# Answering request to post my DIY system in this section.



## Mike Cason (Mar 17, 2007)

As per your request Sonnie!

I purchased a pair of Sound Spinter RLP 15's and built a subwoofer, posting it in Soundsplinter's project display section, and was asked to also post it here along with the mains I built with pics and descriptions. 

The subwoofers weigh 235 lbs each and are driven by a bridged QSC 1450 watt amp per sub. I love my music low, loud, and clean at all levels. I incorporated passive radiators which provides a clean and pronounced at the low levels. Just about any design using these drivers will sound good cranked up! I show you how to load the passive radiators on Photobucket that I have linked to at my website.

I first built the mains in '95 with Radio Shack speakers including an 18" woofer and toilet jacks with a 90 degree elbow for my porting. They actually sounded good with my 32" TV until I built my new house and got a 65", and then they didn't match the picture. It's kinda like going to your local movie theater with the sound coming from a pair of old Advent or Kenwood home speakers. The retail outlets didn't have anything close to what I was looking for either. My Radio Shack stuff sounded better. So in 2003, I started studying the internet (spending literally 100's of hours), reviewing others' designs, buying books and software, and many, many drivers and crossover components. I read comments in forums and asked questions. Half of what I read in the forums I discarded like empty coke cans. I kept the same cabinet and kept redesigning them. The finish on all of them are the black slate Pionite (Formica). I built red oak grill frames, and used speaker quality fabric. Each of these speakers went through at least 4 designs until I got the sound quality I was looking for. I auditioned every speaker I could listen to at high end retail outlets, and nothing came close to the sound quality these are giving me. My toughest challenge was the crossovers. My mains' woofers are the Lambdas TD12s, Nick McKinney's handbuilt gems from Florida. Other drivers include Davis Kevlar from France, Scan Speak from Denmark, Morel from Israel, and the HI VI Research planer ribbon tweeters from China.

You can visit the two links in my signature to view the construction photos I have posted at Photobucket and on my Yahoo DIY group. Both links have very good descriptions of my projects. You have to subscribe to my Yahoo group, but I hide your email address and block spammers. You can unsubscribe after visiting.

I sincerely hope you all end up as happy with your DIY projects as I am with mine. I've ended up spending a fortune with the R & D, but it's **** well worth it. I don't go out anymore, and don't need to with this system. I was fortunate enough to have my system photograph and an article I wrote published in the Electronic House Magazine.

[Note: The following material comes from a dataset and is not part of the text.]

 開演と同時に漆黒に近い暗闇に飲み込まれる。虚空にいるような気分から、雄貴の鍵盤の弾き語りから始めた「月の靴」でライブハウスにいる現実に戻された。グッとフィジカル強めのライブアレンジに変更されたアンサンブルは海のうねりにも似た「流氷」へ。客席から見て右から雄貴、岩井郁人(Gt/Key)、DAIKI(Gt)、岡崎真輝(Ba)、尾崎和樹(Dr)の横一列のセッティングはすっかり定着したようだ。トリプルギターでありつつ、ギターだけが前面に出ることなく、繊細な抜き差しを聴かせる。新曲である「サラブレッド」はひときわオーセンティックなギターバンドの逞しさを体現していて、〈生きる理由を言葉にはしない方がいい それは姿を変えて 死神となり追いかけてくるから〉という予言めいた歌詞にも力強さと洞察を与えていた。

On Xmas day of 2008, I started a 4 day project of covering all 13 grills for my speakers because my upholstery man had heart surgery. I decided I needed to learn how to do everything myself, so I bought the right upholstery gun and taught myself the art of the grill covering. It was quite a challenge and more of a surprise how well they turned out. I had them covered over the years by others as I built them, but colors changed and faded due to sunlight and time. Now it is complete and I can move on to another project. Maybe basket weaving. 

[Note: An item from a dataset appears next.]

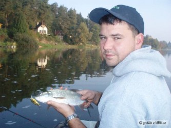 Z plánovaného ranního výjezdu se vykubal přijezd k vodě v 9:45 (musel jsem zajet ještě do města pro ranní pečivo..). Nejdřív jsem zkoušel pod jezem v Kožušanech - ze strany od rybníka chycen na 8cm kalipso tloušť 30cm a jedna kudla, pak jsem přejel na druhou stranu, protože tam bili do rybek boleni - 2 hodiny házení thrillem, hermesem, longcastingem vyšly s nulou. Kolem 13h jsem se přesunul k Tovačovu, kde jsem spíš procházel řeku, na Bečvě u jezu lidí jak na Václaváku, tak jsem jel jinam, nechal auto v Troubkách a vydal se zkoumat moravu. Kolem 15h jediný záběr na už skoro hotově proházeném místě mi pod nohama střelila do SR7SSH deep runnera 80cm štika, to jsem měl woba asi 30cm od špičky prutu,tak vzala natvrdo přes brzdu asi metr vlasce a vypla se.......ale bylo tam hezky. Ještě stojí za zmínku, že jsem tam našel zaražený kůl, od kterého šel provaz do řeky a na konci šutr se 3 hákama na sumce..........lidi jsou prasata

Thanks for asking me to post..:T


----------



## Darren (Apr 20, 2006)

NICE! Now that system looks like it might have a little SPL behind it.


----------



## Sonnie (Apr 11, 2006)

Thanks Mike... I'll say again that this looks like a really nice project... :T


----------



## Mike Cason (Mar 17, 2007)

Thanks Darren and Sonnie....

I have a hand held SPL meter and I pegged 115 db at about 6 feet away, and had more gain left on my main Rotel amp. It was sensless to go any further!

Distortion doesn't live here!

I'm happy I didn't buy my system at the store!!!!!


----------



## kano32 (Sep 14, 2006)

I don't think your speakers are big enough:rubeyes: .

Great job! I would love to hear your system.:T


----------



## Mike Cason (Mar 17, 2007)

Thanks Kano32,



kano32 said:


> I don't think your speakers are big enough:rubeyes: .
> 
> Yea....the sales guys at the high end stores slam them by calling them refrigerator speakers but their refrigerators don't sound as good as mine!
> 
> Great job! I would love to hear your system.:T


I see you live right around the corner so stop by on your way home from work tonight and we'll crank em up fer ya....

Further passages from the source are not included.